| DATA BELOW |
# # # # # # #

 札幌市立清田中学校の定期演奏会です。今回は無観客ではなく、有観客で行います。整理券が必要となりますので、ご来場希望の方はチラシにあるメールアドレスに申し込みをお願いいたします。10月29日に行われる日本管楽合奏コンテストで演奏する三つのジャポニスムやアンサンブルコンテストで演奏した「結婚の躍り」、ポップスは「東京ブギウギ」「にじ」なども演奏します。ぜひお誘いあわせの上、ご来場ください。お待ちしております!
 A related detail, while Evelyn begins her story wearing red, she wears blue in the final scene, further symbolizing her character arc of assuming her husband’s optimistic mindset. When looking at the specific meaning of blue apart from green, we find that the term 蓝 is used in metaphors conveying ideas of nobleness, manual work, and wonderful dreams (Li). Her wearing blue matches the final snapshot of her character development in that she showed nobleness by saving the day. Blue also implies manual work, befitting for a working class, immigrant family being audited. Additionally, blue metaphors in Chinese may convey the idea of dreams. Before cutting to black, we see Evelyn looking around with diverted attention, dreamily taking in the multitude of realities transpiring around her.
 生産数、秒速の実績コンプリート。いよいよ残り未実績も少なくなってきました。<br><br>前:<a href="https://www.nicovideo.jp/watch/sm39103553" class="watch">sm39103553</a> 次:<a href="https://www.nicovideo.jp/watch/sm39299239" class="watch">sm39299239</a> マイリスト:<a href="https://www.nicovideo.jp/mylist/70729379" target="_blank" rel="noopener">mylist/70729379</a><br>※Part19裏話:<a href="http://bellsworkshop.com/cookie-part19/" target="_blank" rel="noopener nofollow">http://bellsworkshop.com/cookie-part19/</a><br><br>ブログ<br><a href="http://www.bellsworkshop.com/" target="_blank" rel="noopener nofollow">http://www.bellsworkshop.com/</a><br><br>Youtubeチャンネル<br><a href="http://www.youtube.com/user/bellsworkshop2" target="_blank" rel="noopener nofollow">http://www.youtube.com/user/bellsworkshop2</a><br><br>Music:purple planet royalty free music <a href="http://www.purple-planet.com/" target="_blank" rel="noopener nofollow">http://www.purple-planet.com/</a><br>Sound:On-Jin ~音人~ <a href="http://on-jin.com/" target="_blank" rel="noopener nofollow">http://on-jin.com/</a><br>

# # # # # # #

| THE TASK |
All the lines above need to be retyped exactly, with nothing left out.

| RESPONSE |
 札幌市立清田中学校の定期演奏会です。今回は無観客ではなく、有観客で行います。整理券が必要となりますので、ご来場希望の方はチラシにあるメールアドレスに申し込みをお願いいたします。10月29日に行われる日本管楽合奏コンテストで演奏する三つのジャポニスムやアンサンブルコンテストで演奏した「結婚の躍り」、ポップスは「東京ブギウギ」「にじ」なども演奏します。ぜひお誘いあわせの上、ご来場ください。お待ちしております!
 A related detail, while Evelyn begins her story wearing red, she wears blue in the final scene, further symbolizing her character arc of assuming her husband’s optimistic mindset. When looking at the specific meaning of blue apart from green, we find that the term 蓝 is used in metaphors conveying ideas of nobleness, manual work, and wonderful dreams (Li). Her wearing blue matches the final snapshot of her character development in that she showed nobleness by saving the day. Blue also implies manual work, befitting for a working class, immigrant family being audited. Additionally, blue metaphors in Chinese may convey the idea of dreams. Before cutting to black, we see Evelyn looking around with diverted attention, dreamily taking in the multitude of realities transpiring around her.
 生産数、秒速の実績コンプリート。いよいよ残り未実績も少なくなってきました。<br><br>前:<a href="https://www.nicovideo.jp/watch/sm39103553" class="watch">sm39103553</a> 次:<a href="https://www.nicovideo.jp/watch/sm39299239" class="watch">sm39299239</a> マイリスト:<a href="https://www.nicovideo.jp/mylist/70729379" target="_blank" rel="noopener">mylist/70729379</a><br>※Part19裏話:<a href="http://bellsworkshop.com/cookie-part19/" target="_blank" rel="noopener nofollow">http://bellsworkshop.com/cookie-part19/</a><br><br>ブログ<br><a href="http://www.bellsworkshop.com/" target="_blank" rel="noopener nofollow">http://www.bellsworkshop.com/</a><br><br>Youtubeチャンネル<br><a href="http://www.youtube.com/user/bellsworkshop2" target="_blank" rel="noopener nofollow">http://www.youtube.com/user/bellsworkshop2</a><br><br>Music:purple planet royalty free music <a href="http://www.purple-planet.com/" target="_blank" rel="noopener nofollow">http://www.purple-planet.com/</a><br>Sound:On-Jin ~音人~ <a href="http://on-jin.com/" target="_blank" rel="noopener nofollow">http://on-jin.com/</a><br>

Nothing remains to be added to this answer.